→ EXERCISE PROMPT:
In the material below, find the line containing "(3) | 2025.11.30 |" and the line containing "Kürklü detaylı, normal". Output those two lines and all lines between them exactly, without pictures.

→ SUPPLIED DATA:

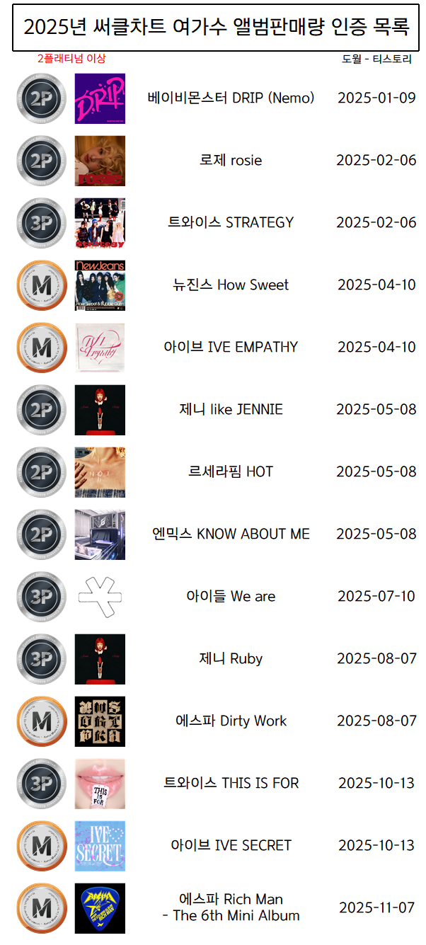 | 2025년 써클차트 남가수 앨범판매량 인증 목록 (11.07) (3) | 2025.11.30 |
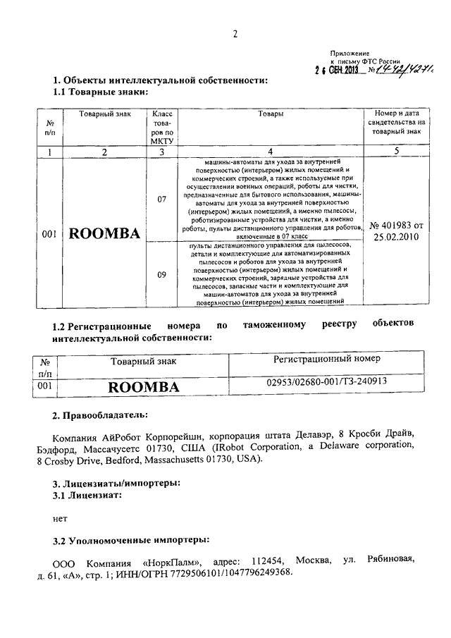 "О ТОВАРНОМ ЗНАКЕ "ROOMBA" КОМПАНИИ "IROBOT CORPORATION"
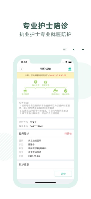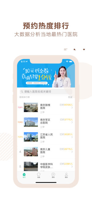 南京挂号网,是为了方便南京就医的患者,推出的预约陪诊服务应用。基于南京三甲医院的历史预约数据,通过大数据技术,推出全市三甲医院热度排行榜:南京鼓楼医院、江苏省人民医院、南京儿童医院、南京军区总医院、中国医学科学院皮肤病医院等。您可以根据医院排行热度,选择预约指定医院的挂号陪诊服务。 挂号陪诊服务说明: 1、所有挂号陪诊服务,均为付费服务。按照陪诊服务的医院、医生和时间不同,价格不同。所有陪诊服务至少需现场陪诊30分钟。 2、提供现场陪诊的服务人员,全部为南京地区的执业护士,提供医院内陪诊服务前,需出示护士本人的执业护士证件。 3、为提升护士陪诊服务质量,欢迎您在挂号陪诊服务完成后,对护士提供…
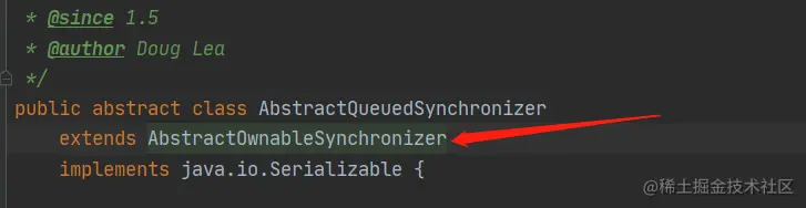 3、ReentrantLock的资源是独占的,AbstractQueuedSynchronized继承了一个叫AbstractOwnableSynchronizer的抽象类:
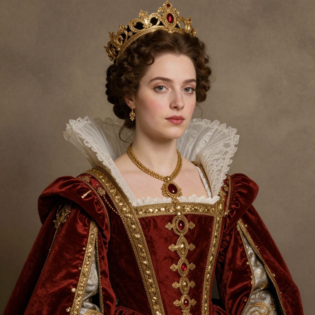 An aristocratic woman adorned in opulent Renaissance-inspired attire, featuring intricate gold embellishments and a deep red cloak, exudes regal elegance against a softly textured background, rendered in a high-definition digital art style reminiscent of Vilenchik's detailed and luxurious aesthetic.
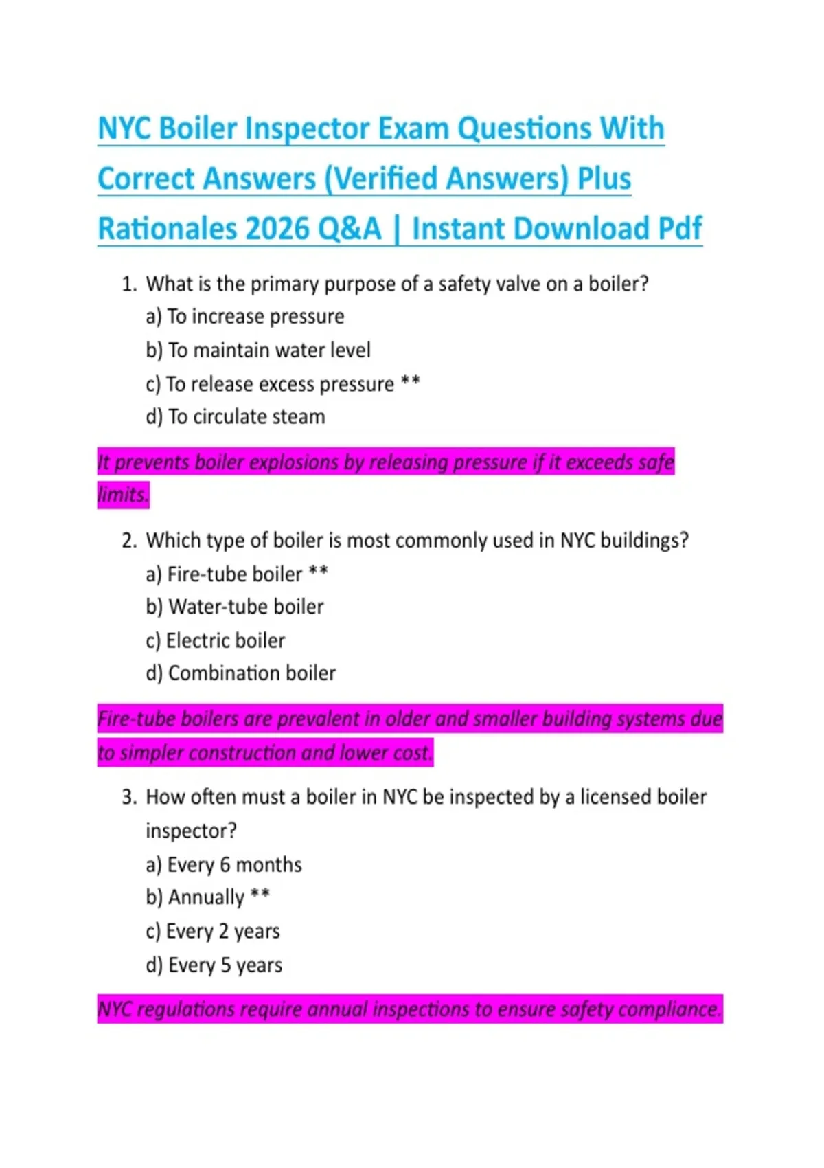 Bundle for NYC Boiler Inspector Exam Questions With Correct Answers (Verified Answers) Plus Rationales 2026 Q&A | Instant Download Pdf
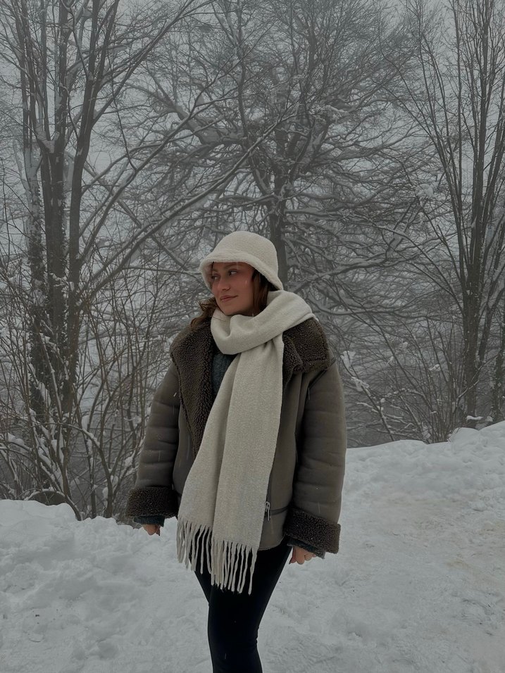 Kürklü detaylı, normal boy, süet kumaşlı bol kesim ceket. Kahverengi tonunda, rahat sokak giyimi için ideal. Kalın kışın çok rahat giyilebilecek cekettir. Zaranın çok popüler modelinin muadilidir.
...
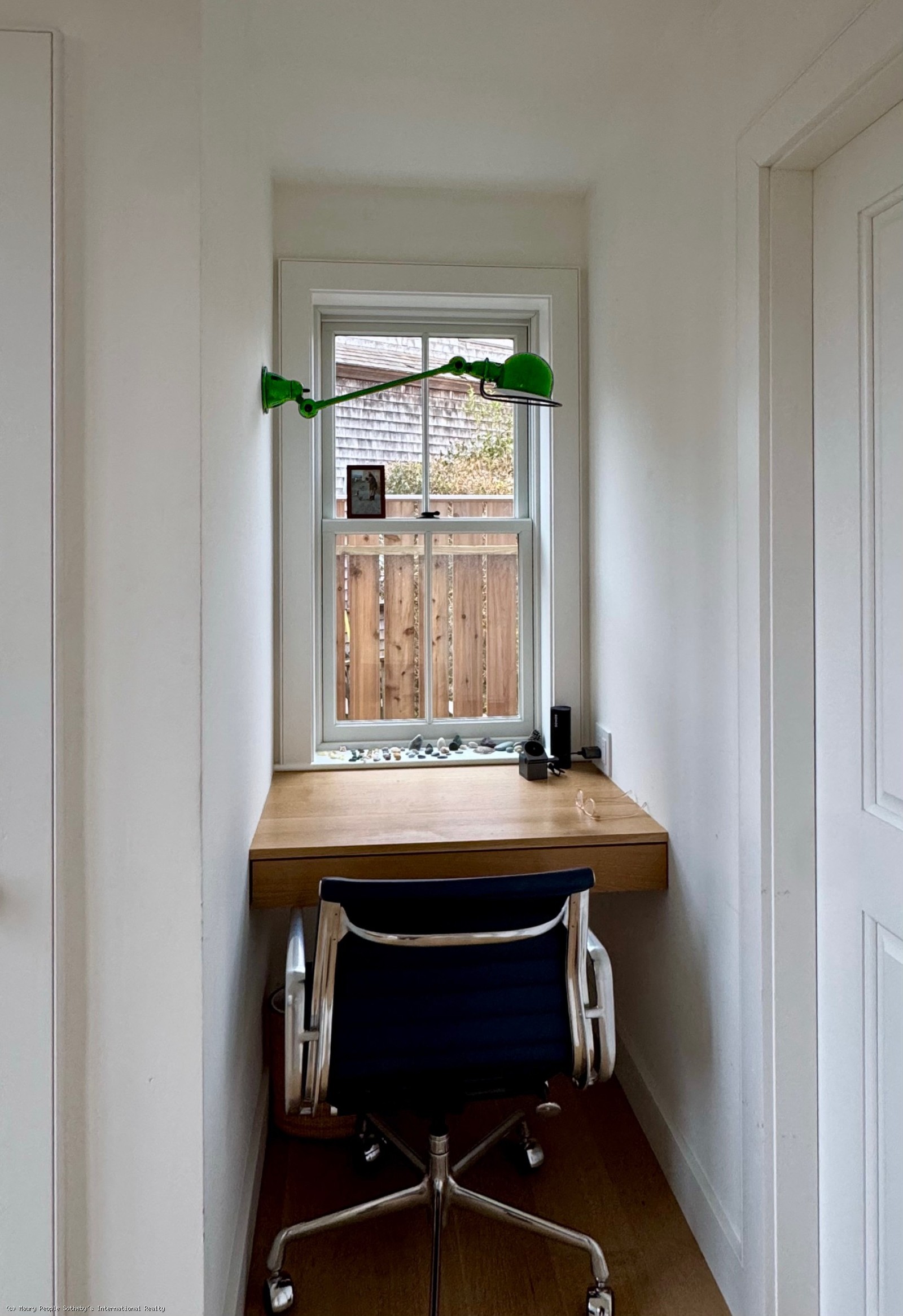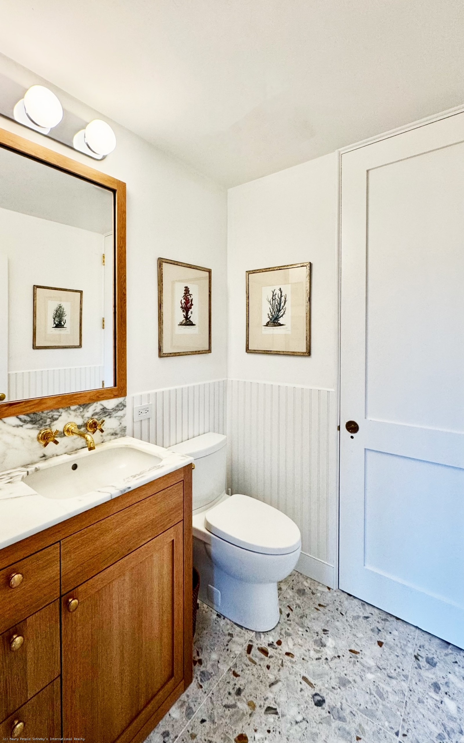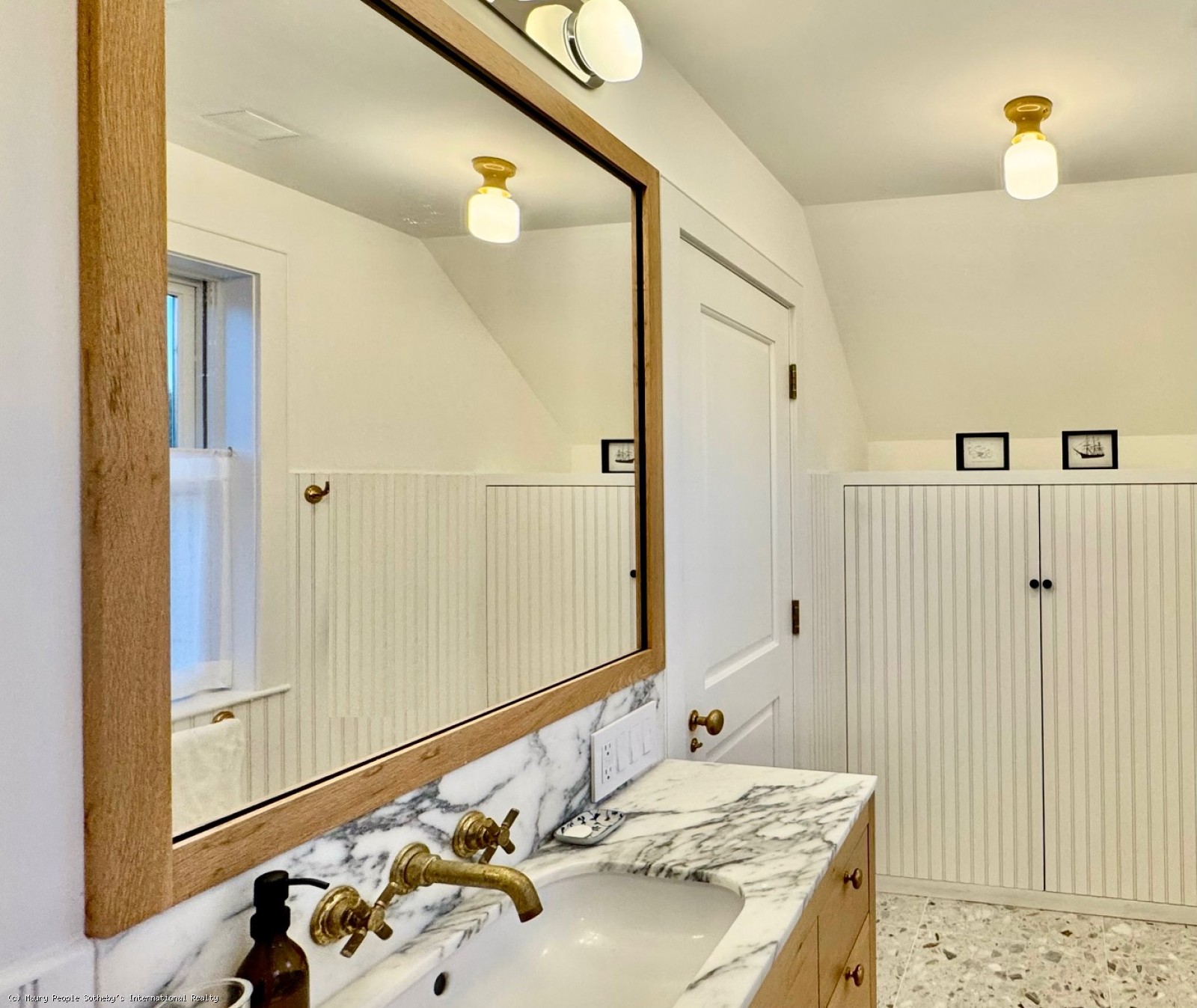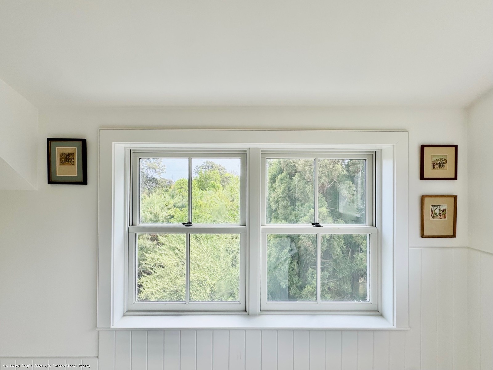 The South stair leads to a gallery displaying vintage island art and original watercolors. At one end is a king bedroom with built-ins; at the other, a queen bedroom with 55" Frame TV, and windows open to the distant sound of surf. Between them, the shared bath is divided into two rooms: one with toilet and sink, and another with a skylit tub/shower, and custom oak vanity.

→ TASK RESULT:
 | 2025년 써클차트 남가수 앨범판매량 인증 목록 (11.07) (3) | 2025.11.30 |
 "О ТОВАРНОМ ЗНАКЕ "ROOMBA" КОМПАНИИ "IROBOT CORPORATION"
 南京挂号网,是为了方便南京就医的患者,推出的预约陪诊服务应用。基于南京三甲医院的历史预约数据,通过大数据技术,推出全市三甲医院热度排行榜:南京鼓楼医院、江苏省人民医院、南京儿童医院、南京军区总医院、中国医学科学院皮肤病医院等。您可以根据医院排行热度,选择预约指定医院的挂号陪诊服务。 挂号陪诊服务说明: 1、所有挂号陪诊服务,均为付费服务。按照陪诊服务的医院、医生和时间不同,价格不同。所有陪诊服务至少需现场陪诊30分钟。 2、提供现场陪诊的服务人员,全部为南京地区的执业护士,提供医院内陪诊服务前,需出示护士本人的执业护士证件。 3、为提升护士陪诊服务质量,欢迎您在挂号陪诊服务完成后,对护士提供…
 3、ReentrantLock的资源是独占的,AbstractQueuedSynchronized继承了一个叫AbstractOwnableSynchronizer的抽象类:
 An aristocratic woman adorned in opulent Renaissance-inspired attire, featuring intricate gold embellishments and a deep red cloak, exudes regal elegance against a softly textured background, rendered in a high-definition digital art style reminiscent of Vilenchik's detailed and luxurious aesthetic.
 Bundle for NYC Boiler Inspector Exam Questions With Correct Answers (Verified Answers) Plus Rationales 2026 Q&A | Instant Download Pdf
 Kürklü detaylı, normal boy, süet kumaşlı bol kesim ceket. Kahverengi tonunda, rahat sokak giyimi için ideal. Kalın kışın çok rahat giyilebilecek cekettir. Zaranın çok popüler modelinin muadilidir.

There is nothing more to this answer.